Your IDE is the new HIPAA risk.
Most healthtech compliance reviews look at the database, the API, the cloud BAAs. The IDE rarely gets opened. That's where I keep finding leaks.
I run a software agency that builds in regulated industries. After 10 years of this work, I keep finding myself in the same conversation. A founder shows me their healthtech app, already in production with patient data flowing through it. Their team uses Cursor or Copilot. They've never thought about what those tools do with the codebase they see.
When an engineer asks Cursor to refactor a function, the surrounding context goes through Cursor's AWS infrastructure, then to OpenAI, Anthropic, Google, or Fireworks depending on the model. If indexing is on, embeddings persist in Turbopuffer. If web search runs, Exa sees the query. None of those vendors have signed a Business Associate Agreement with you. Specode wrote up the full data flow if you want to see the diagram.
People assume PHI means patient names and diagnoses. The Security Rule covers more than that. It protects the systems that handle PHI, which means a database schema with patient identifiers, an error log carrying a full request body, a URL with a record ID in the query string, even a .env with a connection string to a PHI database. All of it is regulated. All of it flows out of the machine the moment your engineer hits tab.
The current state of the major tools is more confusing than the marketing suggests.

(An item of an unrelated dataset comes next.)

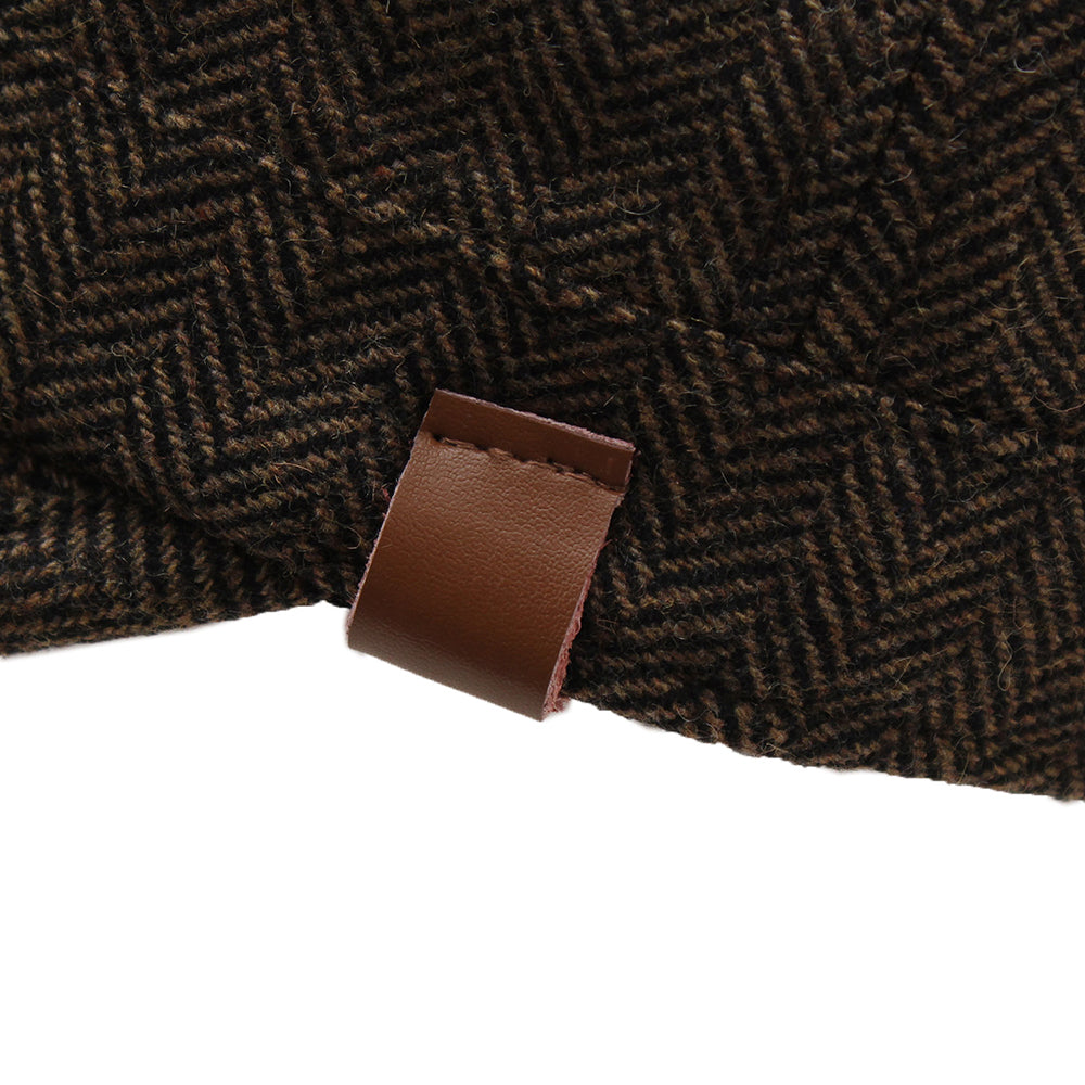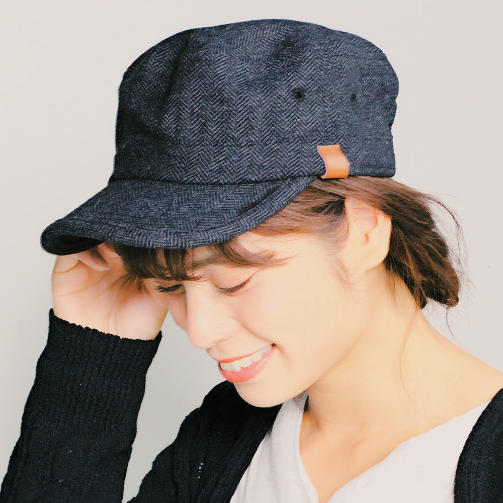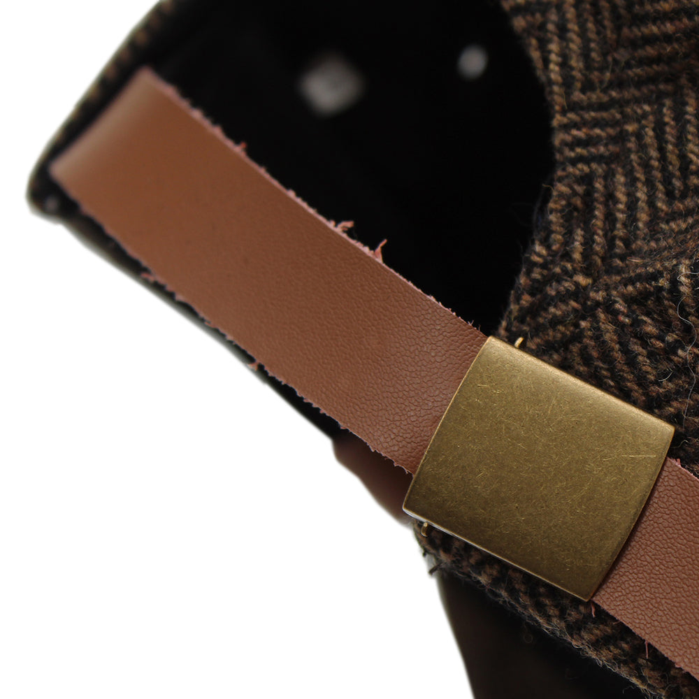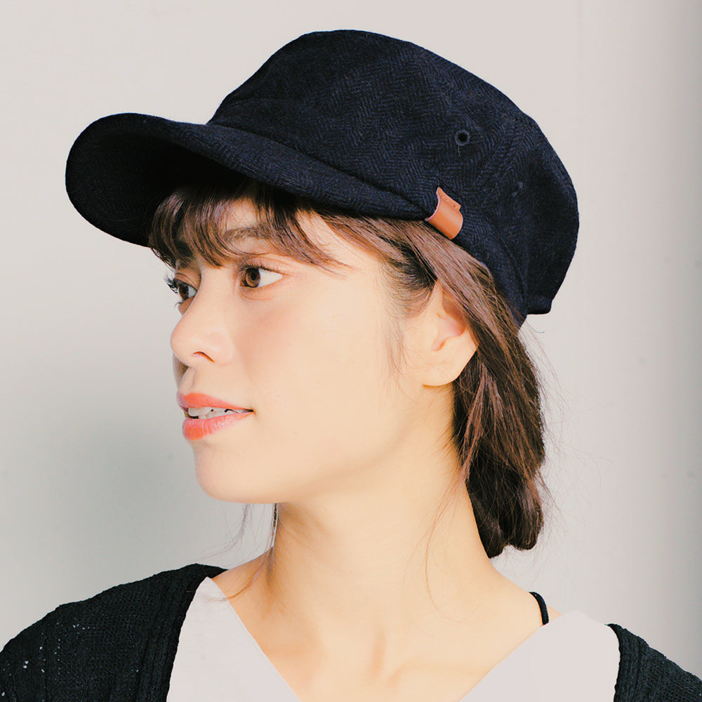 秋冬に活躍してくれる、温かみのあるヘリンボーン柄のワークキャップです。サイズ調節部分はゴールドの金具と皮ベルトでオシャレなおすすめアイテムです。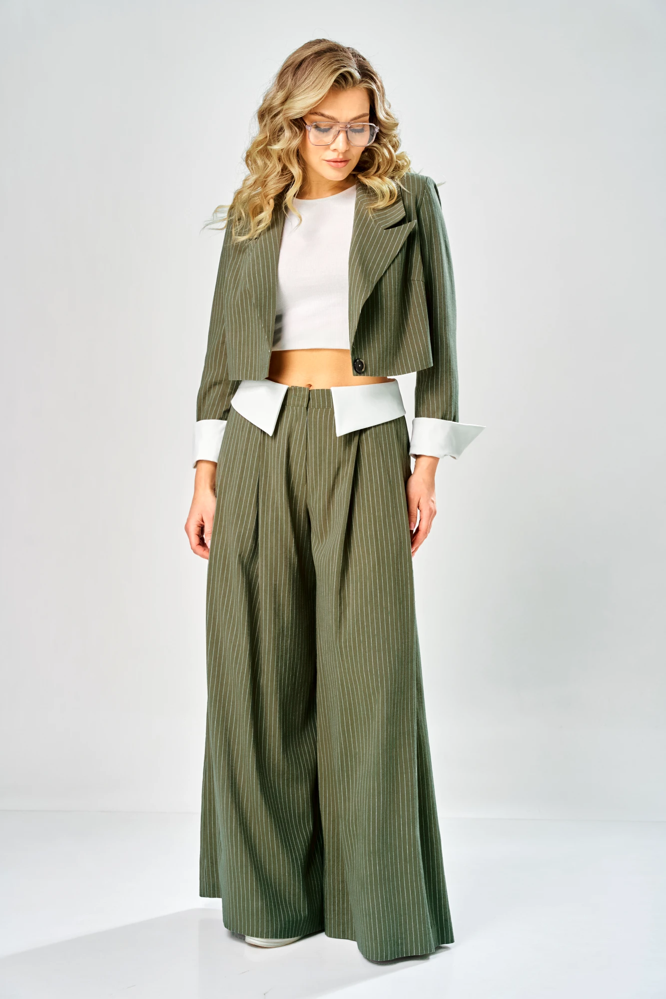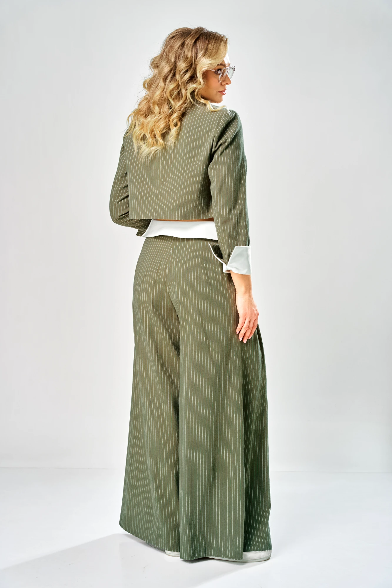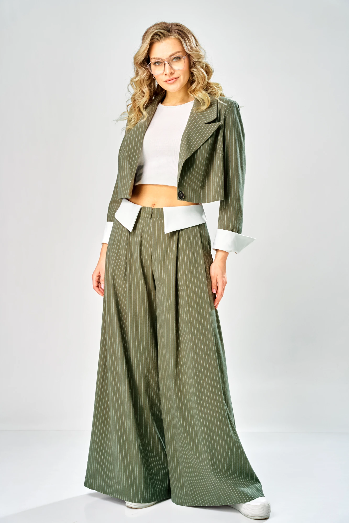 Костюм женский, состоящий из брюк палаццо и укороченного жакета. Костюм выполнен из текстильной ткани.

Cursor doesn't sign BAAs. Privacy Mode prevents your code from being used to train models, which is useful, but every keystroke still routes through Cursor's servers and those of outside vendors. HIPAA applies to that transmission regardless of training settings. SOC 2 Type II covers general security and provides no useful information about HIPAA compliance.
GitHub Copilot Enterprise can be covered, but only by negotiating a BAA directly with Microsoft. Most teams running Copilot today are on Business or Personal plans, where it isn't available.
Claude Code can be covered, but the setup is specific: a Claude Enterprise plan, HIPAA toggled in admin settings, a signed BAA, and Zero Data Retention enabled at the org level. Self-serve doesn't get you there.
Replit, Bolt, and Lovable don't offer BAAs at all. Codeium and Tabnine sidestep the question by offering self-hosted enterprise tiers that keep code entirely within your infrastructure. If a vendor's BAA isn't available, taking their data flow out of the equation is the defensible alternative.
The newer surface, and probably the more dangerous one, is MCP.
Model Context Protocol lets an AI agent talk directly to an EHR, a billing system, a patient CRM. Elegant in design, almost completely unaudited in production. In 2025 alone, CVE-2025-54135 ("CurXecute") let a malicious Slack message, when summarized by Cursor's agent, rewrite an MCP config and execute arbitrary commands. Asana's MCP server had a bug that exposed data across customer instances. Neither is theoretical.
MCP is harder to govern than the IDE because traffic flows there. It runs within the client process and never touches your network the way an API call does, so your DLP and SIEM tools have no visibility into it. The audit obligations still apply.
A few approaches I've seen work in practice:
- Replacing real PHI with synthetic data early in development (Synthea generates fake patient records that pass for real ones in testing, which closes off most accidental exposure).
- Moving the codebase onto a stack with an unbroken BAA chain, which in practice has meant Claude Code on Enterprise with ZDR, or Copilot Enterprise with the BAA negotiated, or self-hosted Codeium for the few teams that wanted maximum isolation.
- Treating MCP like any other production dependency, with allowlisted servers, auth on every connection, and audit logs that survive the six years HIPAA requires.
A BAA covers the legal layer, no more. The technical configuration is a separate problem, and that's where I see most teams stuck. Every AI coding tool I've worked with optimizes for speed by default. That serves most users well, and healthcare priorities run in the opposite direction, with defaults that haven't been adjusted to match.
HIPAA penalties run between $141 and $2.1M per violation, and a full PHI flow audit takes a Tuesday afternoon. The teams that have done one are not the ones I worry about.
Where has your team landed on this? Still on personal-tier IDEs, or already migrated to a BAA-covered stack?